§ YOUR ASSIGNMENT
Please transcribe the data below in full, word for word, without the images.

Stored items
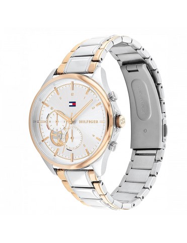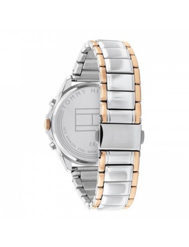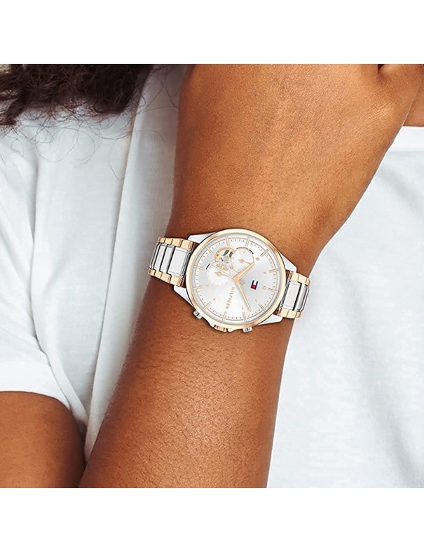 Reloj Tommy Hilfiger Mujer Quinn 1782415, analógico multifunción. Agujas e indicadores luminiscentes. Caja de acero de 38mm de diámetro. Bisel en color cobrizo. Pulsera de acero bicolor. Cristal mineral. Calendario y formato de 24 horas. Sumergible a 3ATM, por lo que sólo soporta pequeñas salpicaduras.
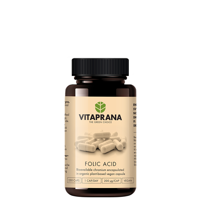 Vitaprana Folic acid innehåller 200µg (100% av Rekommenderad daglig dos) per kapsel.
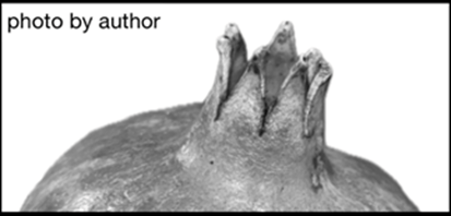 The decorative top of the pillar is called the capital. Each capital is five cubits high, and, as with the dimensions of the altar, the number five speaks of God’s grace, here now high and visible to all. Two hundred carved pomegranates encircled the capital. The pomegranate fruit is topped with an unusually shaped stem, or calyx, which, once the fruit is pulled from the tree, looks remarkably like a crown and is called just that in the Koren Talmud Bavli. This speaks to Jesus’ crown of thorns and that he is not just a king, but the king, “The King of the Jews,” as Pilate insists on labeling above his head (John 19:21). After he was abused and mocked, “Jesus came out, wearing the crown of thorns” (John 19:5).
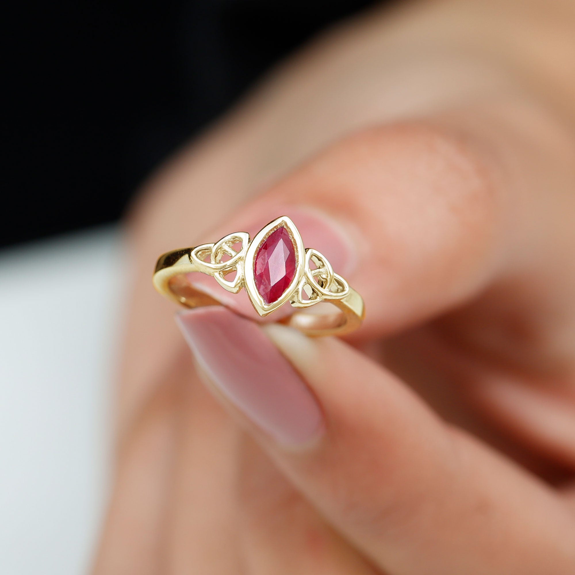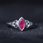 The timeless elegance of this Ruby Promise Ring is a stunning piece of jewelry that could be perfect for commitment, engagements, anniversaries or simply as a statement piece. This Ring is an exquisite jewelry having a vibrant Marquise Shape Red Ruby in Bezel Setting with Celtic knot details, a symbol of eternal love and interconnectedness, adding a touch of ancient charm and craftsmanship. Each curve and twist of the knot in the Celtic Ruby Ring is meticulously crafted, ensuring a seamless blend of tradition and sophistication. This Marquise Ruby Ring captures the essence of both modern luxury and timeless tradition. Elevate your jewelry collection with this extraordinary blend of ruby brilliance and Celtic artistry.
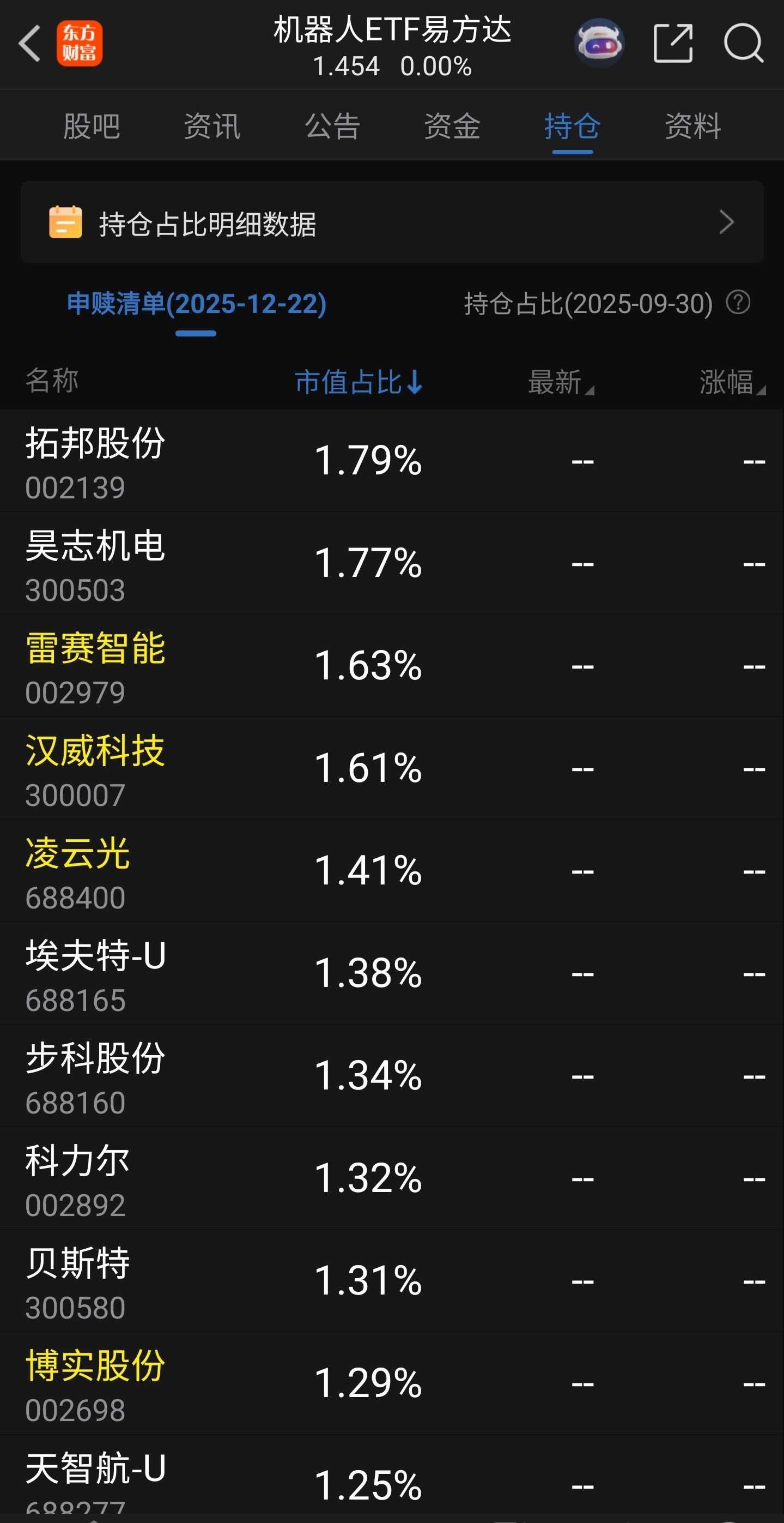 少量持有博实的机器人ETF易方达12月22日在大盘和机器人板块大幅上涨情况下把持有的博实从1.31%减持到1.29%,这说明什么
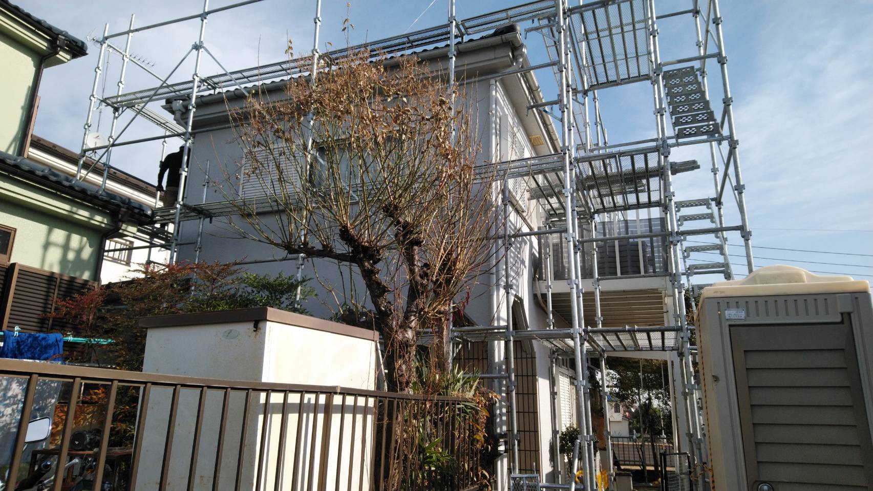 今日から仕事始めです。飯能市双柳で足場工事をしています。
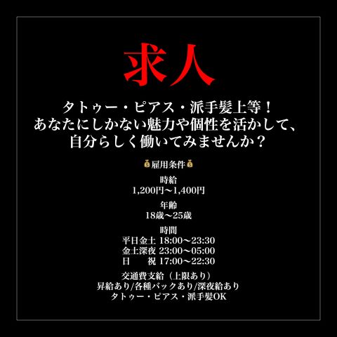 【求人】タトゥー・ピアス・派手髪上等!あなたにしかない魅力や個性を活かして、自分らしく働いてみませんか?✨✨
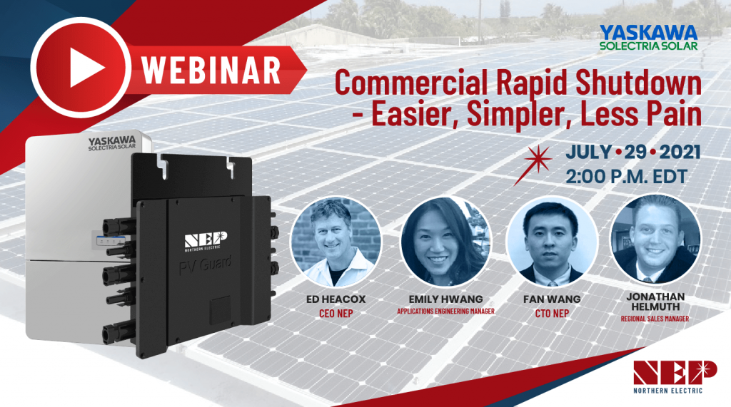 Learn about simplified rapid shutdown solutions for commercial rooftop applications. No fuss, no touch, factory integrated RSD devices within the family of Solectria inverters - learn what they are and how they work. Also, learn about the NEP panel level devices designed to lower installed cost and labor expense... see how commissioning and service can be improved by leveraging this overall RSD platform.

§ TASK ANSWER
 Reloj Tommy Hilfiger Mujer Quinn 1782415, analógico multifunción. Agujas e indicadores luminiscentes. Caja de acero de 38mm de diámetro. Bisel en color cobrizo. Pulsera de acero bicolor. Cristal mineral. Calendario y formato de 24 horas. Sumergible a 3ATM, por lo que sólo soporta pequeñas salpicaduras.
 Vitaprana Folic acid innehåller 200µg (100% av Rekommenderad daglig dos) per kapsel.
 The decorative top of the pillar is called the capital. Each capital is five cubits high, and, as with the dimensions of the altar, the number five speaks of God’s grace, here now high and visible to all. Two hundred carved pomegranates encircled the capital. The pomegranate fruit is topped with an unusually shaped stem, or calyx, which, once the fruit is pulled from the tree, looks remarkably like a crown and is called just that in the Koren Talmud Bavli. This speaks to Jesus’ crown of thorns and that he is not just a king, but the king, “The King of the Jews,” as Pilate insists on labeling above his head (John 19:21). After he was abused and mocked, “Jesus came out, wearing the crown of thorns” (John 19:5).
 The timeless elegance of this Ruby Promise Ring is a stunning piece of jewelry that could be perfect for commitment, engagements, anniversaries or simply as a statement piece. This Ring is an exquisite jewelry having a vibrant Marquise Shape Red Ruby in Bezel Setting with Celtic knot details, a symbol of eternal love and interconnectedness, adding a touch of ancient charm and craftsmanship. Each curve and twist of the knot in the Celtic Ruby Ring is meticulously crafted, ensuring a seamless blend of tradition and sophistication. This Marquise Ruby Ring captures the essence of both modern luxury and timeless tradition. Elevate your jewelry collection with this extraordinary blend of ruby brilliance and Celtic artistry.
 少量持有博实的机器人ETF易方达12月22日在大盘和机器人板块大幅上涨情况下把持有的博实从1.31%减持到1.29%,这说明什么
 今日から仕事始めです。飯能市双柳で足場工事をしています。
 【求人】タトゥー・ピアス・派手髪上等!あなたにしかない魅力や個性を活かして、自分らしく働いてみませんか?✨✨
 Learn about simplified rapid shutdown solutions for commercial rooftop applications. No fuss, no touch, factory integrated RSD devices within the family of Solectria inverters - learn what they are and how they work. Also, learn about the NEP panel level devices designed to lower installed cost and labor expense... see how commissioning and service can be improved by leveraging this overall RSD platform.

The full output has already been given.